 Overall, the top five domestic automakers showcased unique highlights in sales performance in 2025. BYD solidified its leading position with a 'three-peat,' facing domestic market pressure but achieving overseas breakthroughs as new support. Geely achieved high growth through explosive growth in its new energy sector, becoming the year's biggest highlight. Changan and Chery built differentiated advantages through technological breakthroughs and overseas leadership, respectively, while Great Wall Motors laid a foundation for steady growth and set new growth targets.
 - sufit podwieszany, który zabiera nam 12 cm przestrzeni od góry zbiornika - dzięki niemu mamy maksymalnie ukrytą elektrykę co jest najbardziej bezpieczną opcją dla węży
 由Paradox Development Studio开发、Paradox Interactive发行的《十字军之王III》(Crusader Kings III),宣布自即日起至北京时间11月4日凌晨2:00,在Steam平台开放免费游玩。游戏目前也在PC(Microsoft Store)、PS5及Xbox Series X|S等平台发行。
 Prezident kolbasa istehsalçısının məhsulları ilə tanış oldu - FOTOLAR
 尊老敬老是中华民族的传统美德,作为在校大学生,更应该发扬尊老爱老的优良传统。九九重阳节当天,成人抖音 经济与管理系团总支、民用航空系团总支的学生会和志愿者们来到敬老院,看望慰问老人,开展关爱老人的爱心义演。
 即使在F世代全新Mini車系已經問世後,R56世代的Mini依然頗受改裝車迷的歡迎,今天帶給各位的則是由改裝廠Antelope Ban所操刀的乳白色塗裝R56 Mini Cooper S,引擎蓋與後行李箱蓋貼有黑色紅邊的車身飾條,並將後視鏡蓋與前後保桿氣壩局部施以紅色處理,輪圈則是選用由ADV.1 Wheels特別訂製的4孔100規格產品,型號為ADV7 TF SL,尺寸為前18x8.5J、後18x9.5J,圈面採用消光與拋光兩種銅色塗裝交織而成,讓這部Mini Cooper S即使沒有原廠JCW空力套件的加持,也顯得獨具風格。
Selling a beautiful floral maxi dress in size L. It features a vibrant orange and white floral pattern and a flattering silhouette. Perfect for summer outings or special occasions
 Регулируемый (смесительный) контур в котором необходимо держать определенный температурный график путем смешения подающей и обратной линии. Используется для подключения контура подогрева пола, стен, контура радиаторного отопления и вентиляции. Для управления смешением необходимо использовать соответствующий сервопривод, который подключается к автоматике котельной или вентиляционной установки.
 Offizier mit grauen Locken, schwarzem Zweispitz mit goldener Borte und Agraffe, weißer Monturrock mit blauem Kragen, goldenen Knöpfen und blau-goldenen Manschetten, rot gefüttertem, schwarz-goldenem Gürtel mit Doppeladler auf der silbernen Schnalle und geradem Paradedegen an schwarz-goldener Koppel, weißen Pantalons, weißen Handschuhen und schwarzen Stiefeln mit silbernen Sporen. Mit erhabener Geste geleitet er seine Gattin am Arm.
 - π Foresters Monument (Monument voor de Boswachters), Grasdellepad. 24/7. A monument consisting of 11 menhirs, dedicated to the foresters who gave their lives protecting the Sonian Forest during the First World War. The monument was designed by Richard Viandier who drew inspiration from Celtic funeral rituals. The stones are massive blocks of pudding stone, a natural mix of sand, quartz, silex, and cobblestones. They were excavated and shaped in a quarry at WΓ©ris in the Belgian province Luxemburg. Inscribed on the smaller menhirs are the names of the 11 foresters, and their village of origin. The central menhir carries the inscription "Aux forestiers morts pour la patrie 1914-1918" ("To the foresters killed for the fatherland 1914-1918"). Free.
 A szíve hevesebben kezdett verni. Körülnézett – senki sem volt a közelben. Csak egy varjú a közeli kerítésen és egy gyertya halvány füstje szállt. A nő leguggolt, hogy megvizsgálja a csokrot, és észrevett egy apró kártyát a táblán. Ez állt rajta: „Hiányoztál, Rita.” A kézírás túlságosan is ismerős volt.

===

- [Assignment]:
Print exactly the lines above from the one with "由Paradox Development Studio开发、Paradox" to the one with "Регулируемый (смесительный) контур", including both.

- [Solved problem]:
 由Paradox Development Studio开发、Paradox Interactive发行的《十字军之王III》(Crusader Kings III),宣布自即日起至北京时间11月4日凌晨2:00,在Steam平台开放免费游玩。游戏目前也在PC(Microsoft Store)、PS5及Xbox Series X|S等平台发行。
 Prezident kolbasa istehsalçısının məhsulları ilə tanış oldu - FOTOLAR
 尊老敬老是中华民族的传统美德,作为在校大学生,更应该发扬尊老爱老的优良传统。九九重阳节当天,成人抖音 经济与管理系团总支、民用航空系团总支的学生会和志愿者们来到敬老院,看望慰问老人,开展关爱老人的爱心义演。
 即使在F世代全新Mini車系已經問世後,R56世代的Mini依然頗受改裝車迷的歡迎,今天帶給各位的則是由改裝廠Antelope Ban所操刀的乳白色塗裝R56 Mini Cooper S,引擎蓋與後行李箱蓋貼有黑色紅邊的車身飾條,並將後視鏡蓋與前後保桿氣壩局部施以紅色處理,輪圈則是選用由ADV.1 Wheels特別訂製的4孔100規格產品,型號為ADV7 TF SL,尺寸為前18x8.5J、後18x9.5J,圈面採用消光與拋光兩種銅色塗裝交織而成,讓這部Mini Cooper S即使沒有原廠JCW空力套件的加持,也顯得獨具風格。
Selling a beautiful floral maxi dress in size L. It features a vibrant orange and white floral pattern and a flattering silhouette. Perfect for summer outings or special occasions
 Регулируемый (смесительный) контур в котором необходимо держать определенный температурный график путем смешения подающей и обратной линии. Используется для подключения контура подогрева пола, стен, контура радиаторного отопления и вентиляции. Для управления смешением необходимо использовать соответствующий сервопривод, который подключается к автоматике котельной или вентиляционной установки.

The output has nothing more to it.